Já a região de Matões está dividida:
"o Matão em si tem o candomblé
e tem o evangélico. Há umas pessoas, que não
são muitas, que são evangélicos, outras famílias
estão mais para igreja católica enquanto os negros
são do candomblé, quase todos do candomblé.
A gente tem consciência de que tudo o que a gente conseguiu
até agora, nesse exato momento, por exemplo, a minha estadia
aqui em São Paulo, a gente conseguiu através dos orixás.

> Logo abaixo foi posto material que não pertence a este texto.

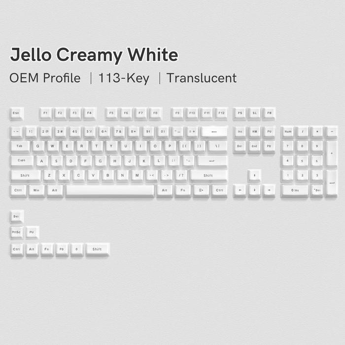 FLASH SALE XVX JELLO JELLY CREAMY WHITE TRANSLUCENT KEYCAPS 113 KEYS OEM PROILE MECHANICAL KEYBOARD SIDE PRINT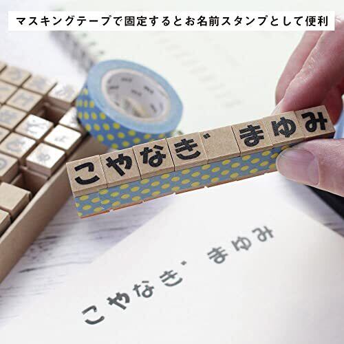 ひらがな文字の1文字スタンプ お名前スタンプや学習用としても お手紙やスクラップブック、自由に使えます 天然ゴムと台には廃材などを使用し環境に配慮 パッケージは1文字づつ収納ででき紛失を防げます パッケージデザインもおしゃれ、プレゼントにも
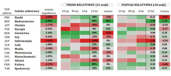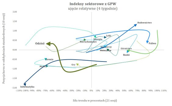Zupełnie inaczej prezentuje się sytuacja ubiegłotygodniowych liderów. Banki straciły 2,92 proc., a paliwa 2,17 proc.. Na obu sektorach widzimy też silne spadki pozycji relatywnej: banki –0,97 σ, a paliwa –0,68 σ. Nie jest to jednak jeszcze zapowiedź trwałej słabości, ponieważ oba sektory utrzymują dodatnią siłę trendu i są nadal widoczne po prawej stronie mapy sektorowej.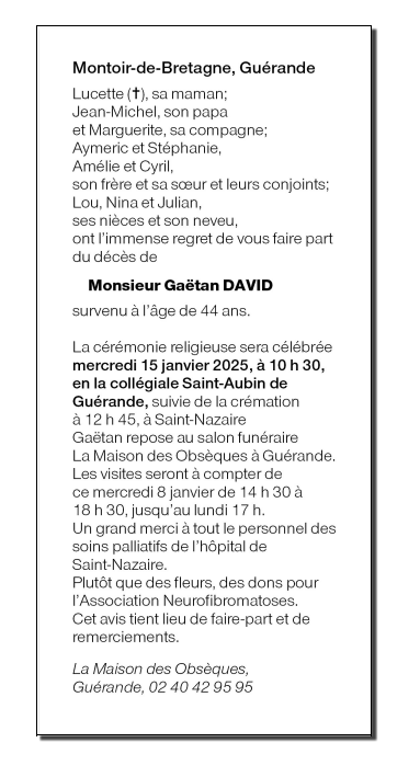 Cet espace « condoléances » est dédié à la mémoire de Monsieur GAËTAN DAVID.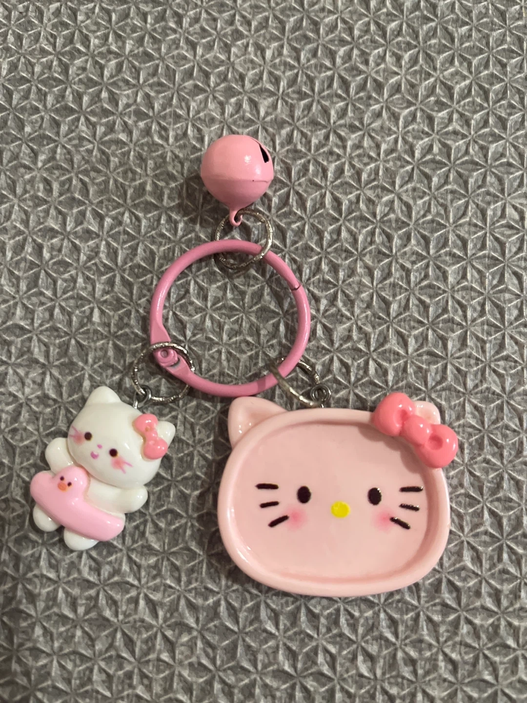 This is a cute pink Hello Kitty keychain. It includes a Hello Kitty charm with a pink bow, a bell, and a ring for attaching to bags or keys.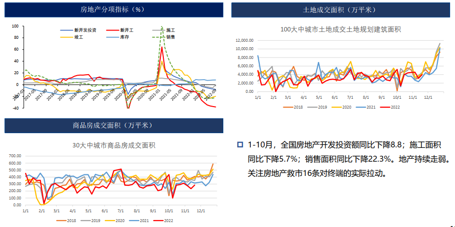 月初隨著國內疫情管控放松,宏觀刺激政策密集出臺,我們認為宏觀情緒轉暖,偏強震蕩。中下旬后,提示關注疫情放松現實預期差。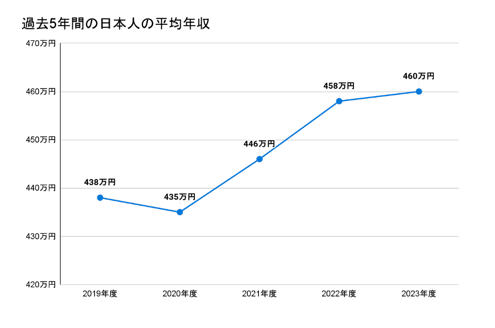 国税庁が9月に公表した2023年分の「民間給与実態統計調査」の報告によると、給与所得者の2023年における1年間の平均給与は460万円で、3年連続増加。
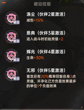苏恩曦的技能是一个标准的辅助奶妈类型,虽然奶量不是很多,但最主要的是驱散1个负面效果和使相邻角色中灵值最低的一个回两点灵值,如果搭配上为了打快攻而准备的龙文的话,可以在三个回合内打出两次言灵技能。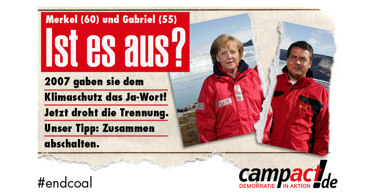 Angesehene Paartherapeuten raten: Mit dem grauen Alltag brechen, einfach mal zusammen abschalten. Dem schließen wir uns an: Gabriel und Merkel müssen jetzt die dreckigsten und ältesten Kohlekraftwerke vom Netz nehmen – und einen langfristigen Ehevertrag zu schließen. Nur mit einem Kohleausstiegsgesetz kann sichergestellt werden, dass auch im Falle einer Trennung der beiden mit der Kohle spätestens 2040 Schluss ist.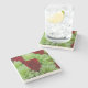 The coasters are gorgeous, a quality feel and heavy weight. They look like a precious archeological find. A rustic stone juxtaposed with a modern floral black and white print. I like the way the print goes slightly imperfect on the cut stone edges giving them a kind-of natural beauty.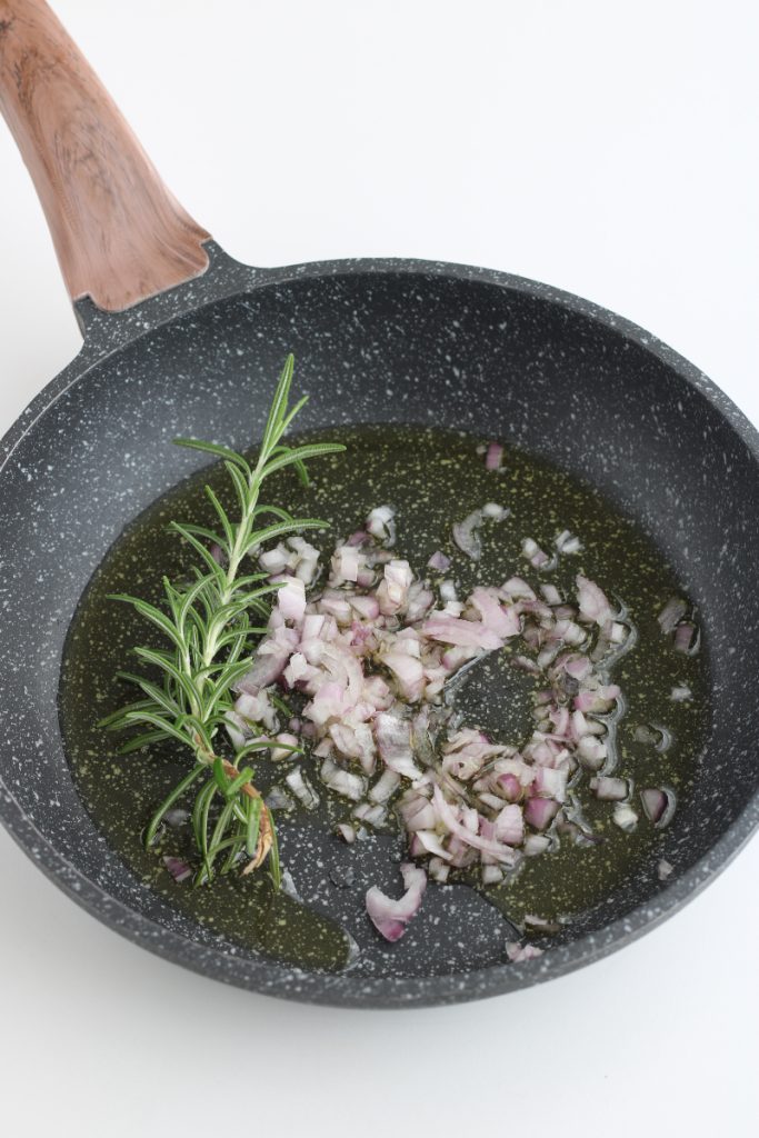 Geben Sie das geschnittene Gemüse in einen Topf mit kochendem Wasser und blanchieren Sie es für 5 Minuten.In einer Pfanne eine gehackte Zwiebel mit dem Öl und einem Zweig Rosmarin anbraten, dann den blanchierten Kürbis und den Rosenkohl hinzufügen und bei niedriger Flamme einige Minuten anbraten.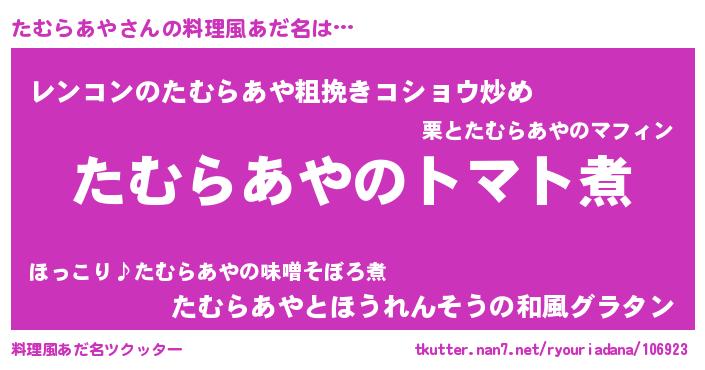 | 女子向けラノベタイトル風あだ名 | 『たむらあや夫妻のなれそめ』 |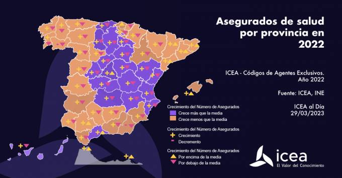 Al cierre de 2022, el número de asegurados del ramo de Salud creció un 3,73% a nivel nacional respecto al cierre del año anterior, según los datos de ICEA. Por provincias, destacan los aumentos registrados en Soria, Alicante y Ávila, que superaron ese crecimiento, con un 10,8%, 9,1% y 6,9%, respectivamente. En cambio, solo hubo dos provincias que mostraron descenso en el número de asegurados.

Como? Estamos em conflito? Estamos. Então a gente já
ia para baixo de um pé de pau, botava o joelho em terra,
louvar a Deus, pedir a Deus e pedir para os orixás que tudo
acontecesse da melhor maneira possível".
Quase todas as festas da comunidade estão ligadas à
religiosidade: "na comunidade,
a gente tem várias festas populares. A gente tem o doze de
dezembro, que é dia de Santa Luzia e é a padroeira
da comunidade e a gente reza. Em setembro, a gente tem uma reza.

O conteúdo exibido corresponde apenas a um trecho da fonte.